March 9, 2015 1:28:25 am
Three months after Shrikar Pardeshi was given over the additional charge of the Pune Mahanagar Parivahan Mahamandal Ltd (PMPML) with the objective of steering it out of the abyss that it was sinking in, the city’s transport undertaking that ferries 11 lakh commuters is witnessing a change in its fortunes, but the change is not exactly to the liking of its commuters.
Commuter organisations, who had high expectations from Pardeshi, feel let down, especially as breakdown of buses has not come down to the level that they expected and the “steep fare hike” resorted to by the PMPML in December has also not come down.
While Pardeshi argues that breakdowns have reduced, earnings have gone up and more buses are now on roads than three months back, commuter organisations like the PMP Pravasi Manch say “that is just not enough and much more is needed to be done to make the transport undertaking commuter-friendly.”
Jugal Rathi, who heads the PMP Pravasi Manch, said the biggest blow that commuters suffered was related to rates of daily passes. “The daily rate of pass was hiked despite the Regional Transport Authority denying permission to do so. If the daily rate of pass is reduced to Rs 50 from Rs 70, it will be a big relief for commuters,” says Rathi.
Another irritant for commuters is the fares for second stage–a travel preferred by maximum number of commuters. “Up to the second stage of 10 km, the fares of PMPML were Rs 10 till December. For the first three stages it was Rs 5. This means, Rs 5 was in use only for the first stage whereas for the second stage the fare was Rs 10. This was highly convenient for commuters as large number of travel between 6 to 10 km. There are very few who travel from first stop to the last,” he said.
What has happened because of Rs 15 fare, Rathi said was that everyday the commuters and conductors battled over change. “The conductors do not have loose change to return and neither the commuters carry change. Therefore, the second stage travel, which is popular, has become a headache for daily commuters,” said Rathi.
Commuters rued that on several occasions, they forgot to collect the balance Rs 5, which went to the PMPML coffers. Conductors, on the other hand, said they too were helpless as PMPML did not provide them loose change.
Rathi added that if the PMPML was not interested in reducing the entire fares, it should at least reduce these fares. “Actually, PMPML is in position to reduce the fares since it claims that it’s earnings have gone up and the diesel prices have also come down,” he said.
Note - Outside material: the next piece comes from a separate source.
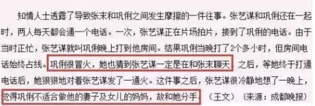 张艺谋和巩俐在一起时,巩俐和张末的关系一直不好。

PMPML, however, said that at present it wasn’t in a position to lower the fares as it was staring at a huge outstanding of Rs 89 crore. “We are awaiting Rs 45-crore financial assistance from the PMC and PCMC. This will reduce our outstanding bill. However, we still need Rs 45 crore to pay off our debts,” Pardeshi said. Though diesel prices have been reduced, he said, PMPML ran 60 per cent of its buses on CNG whose prices had not reduced in the past few months. “Therefore, it is not possible to reduce the fares,” he said. Pardeshi pointed out that he had managed to bring 250 more buses on roads every day. “When I joined the PMPML, only 1,250 buses used to ply on city roads. Now, over 1,500 buses are on road daily. We are working overtime to reduce the number of breakdowns. Soon, around 100 buses will be on roads. These buses had some engine-related work and are being repaired on an urgent basis,” he said.
Commuters pointed out that windows of several buses were jammed. Besides, drivers refused to stop buses even if commuters waved frantically. On the Pune-Mumbai highway, commuters said the buses jumped on speed-breakers so dangerously that it could claim the life commuters. “People, especially women, avoid sitting on the last seats of the PMPML buses. The buses jump nastily when the rear wheel lands on speed-breakers. Either the drivers have not been trained properly or the PMPML should ask civic bodies to reduce the height of speed-breakers before it is too late,” said Rajendra Verma, a civic activist.